BEGIN
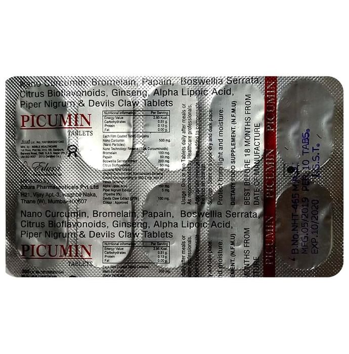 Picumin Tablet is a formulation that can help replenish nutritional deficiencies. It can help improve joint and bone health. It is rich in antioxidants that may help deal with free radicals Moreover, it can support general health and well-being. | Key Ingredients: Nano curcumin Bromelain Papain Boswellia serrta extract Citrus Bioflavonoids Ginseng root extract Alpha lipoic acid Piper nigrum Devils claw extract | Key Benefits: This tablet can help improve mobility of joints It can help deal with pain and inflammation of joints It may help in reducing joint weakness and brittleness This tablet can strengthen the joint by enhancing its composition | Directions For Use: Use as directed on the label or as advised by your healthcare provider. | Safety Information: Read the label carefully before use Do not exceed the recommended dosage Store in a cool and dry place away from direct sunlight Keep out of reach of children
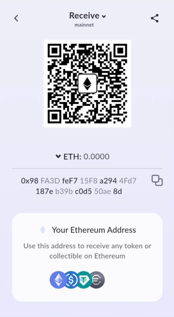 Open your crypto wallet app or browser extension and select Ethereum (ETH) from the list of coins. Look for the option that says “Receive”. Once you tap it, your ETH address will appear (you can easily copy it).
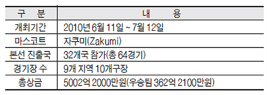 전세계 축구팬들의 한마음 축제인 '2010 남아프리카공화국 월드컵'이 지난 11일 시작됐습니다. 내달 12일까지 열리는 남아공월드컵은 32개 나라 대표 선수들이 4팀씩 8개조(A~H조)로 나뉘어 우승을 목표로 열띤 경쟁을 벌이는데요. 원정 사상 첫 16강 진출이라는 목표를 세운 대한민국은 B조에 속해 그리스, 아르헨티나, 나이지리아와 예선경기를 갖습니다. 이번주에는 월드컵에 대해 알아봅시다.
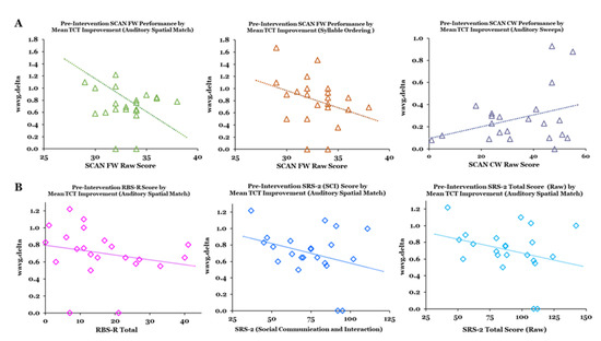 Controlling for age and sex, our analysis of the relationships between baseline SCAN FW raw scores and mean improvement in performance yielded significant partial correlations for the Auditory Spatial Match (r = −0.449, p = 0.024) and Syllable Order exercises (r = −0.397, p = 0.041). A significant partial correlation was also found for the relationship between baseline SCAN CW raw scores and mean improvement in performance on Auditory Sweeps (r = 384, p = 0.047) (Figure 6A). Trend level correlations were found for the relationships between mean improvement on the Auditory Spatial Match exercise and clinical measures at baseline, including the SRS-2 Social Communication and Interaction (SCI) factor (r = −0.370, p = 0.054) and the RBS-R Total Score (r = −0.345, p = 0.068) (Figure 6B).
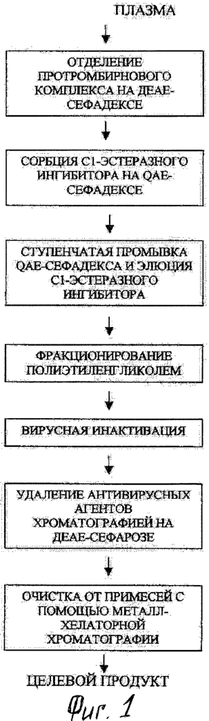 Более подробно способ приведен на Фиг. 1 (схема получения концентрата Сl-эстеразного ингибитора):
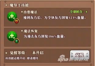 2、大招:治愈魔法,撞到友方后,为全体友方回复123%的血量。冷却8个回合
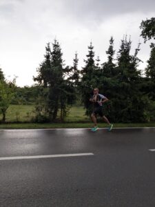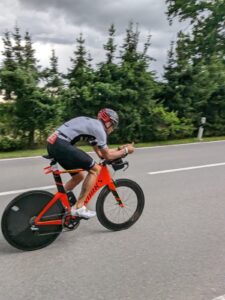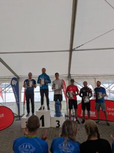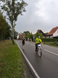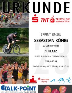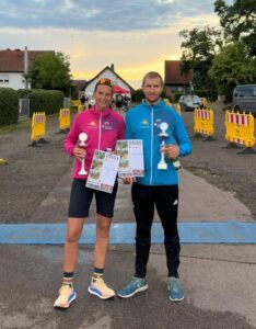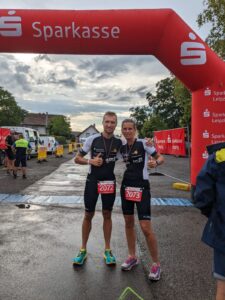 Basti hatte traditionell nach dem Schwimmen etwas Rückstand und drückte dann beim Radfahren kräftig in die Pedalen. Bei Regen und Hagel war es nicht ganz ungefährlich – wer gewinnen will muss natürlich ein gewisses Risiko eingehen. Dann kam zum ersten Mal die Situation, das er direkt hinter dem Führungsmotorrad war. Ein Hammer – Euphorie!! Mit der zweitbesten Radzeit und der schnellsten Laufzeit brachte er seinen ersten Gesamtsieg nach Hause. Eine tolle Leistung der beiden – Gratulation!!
END
(ACTIVITY): The stretch above running from the line with "Open your crypto" through the line with "전세계 축구팬들의 한마음" is all you should copy, exactly, leaving out the pictures.

(RESPONSE TO THE TASK):
 Open your crypto wallet app or browser extension and select Ethereum (ETH) from the list of coins. Look for the option that says “Receive”. Once you tap it, your ETH address will appear (you can easily copy it).
 전세계 축구팬들의 한마음 축제인 '2010 남아프리카공화국 월드컵'이 지난 11일 시작됐습니다. 내달 12일까지 열리는 남아공월드컵은 32개 나라 대표 선수들이 4팀씩 8개조(A~H조)로 나뉘어 우승을 목표로 열띤 경쟁을 벌이는데요. 원정 사상 첫 16강 진출이라는 목표를 세운 대한민국은 B조에 속해 그리스, 아르헨티나, 나이지리아와 예선경기를 갖습니다. 이번주에는 월드컵에 대해 알아봅시다.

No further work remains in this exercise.